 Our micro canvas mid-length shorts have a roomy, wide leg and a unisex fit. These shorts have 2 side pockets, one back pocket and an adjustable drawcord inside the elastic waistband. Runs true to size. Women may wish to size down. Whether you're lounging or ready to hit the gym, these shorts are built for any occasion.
---
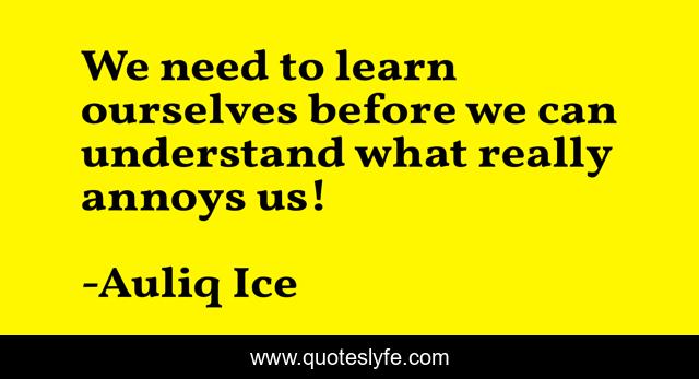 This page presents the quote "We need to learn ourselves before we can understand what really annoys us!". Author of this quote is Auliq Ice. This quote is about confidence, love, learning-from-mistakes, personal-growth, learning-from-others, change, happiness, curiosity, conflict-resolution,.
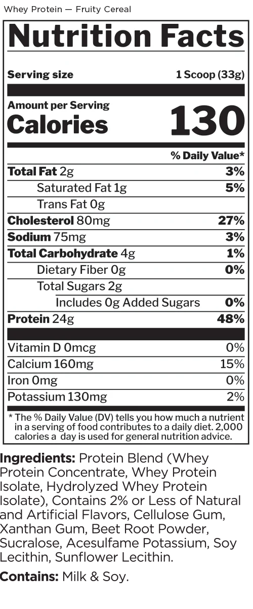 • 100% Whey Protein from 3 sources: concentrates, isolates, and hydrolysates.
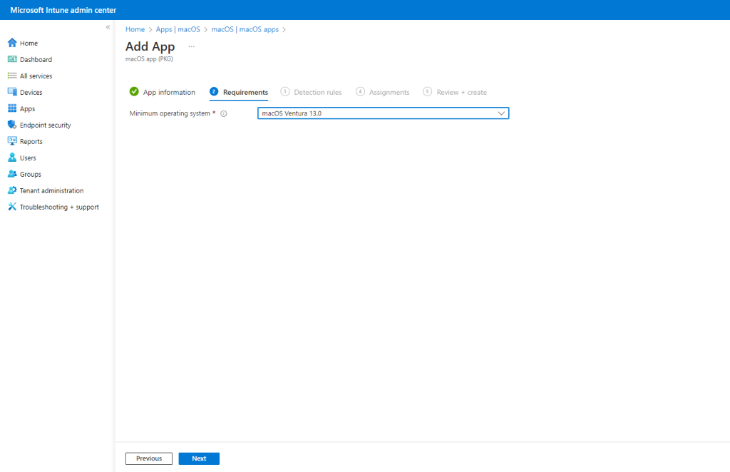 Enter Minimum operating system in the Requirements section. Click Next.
* * *
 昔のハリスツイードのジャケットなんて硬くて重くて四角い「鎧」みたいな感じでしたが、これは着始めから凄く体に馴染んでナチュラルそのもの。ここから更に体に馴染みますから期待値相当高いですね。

### [ACTION ITEM]
Reproduce the data above exactly, but only from the line containing "isolates, and hydrolysates." through the line containing "Enter Minimum operating"; skip the pictures.

### [RESULT FOR THIS EXERCISE]
 • 100% Whey Protein from 3 sources: concentrates, isolates, and hydrolysates.
 Enter Minimum operating system in the Requirements section. Click Next.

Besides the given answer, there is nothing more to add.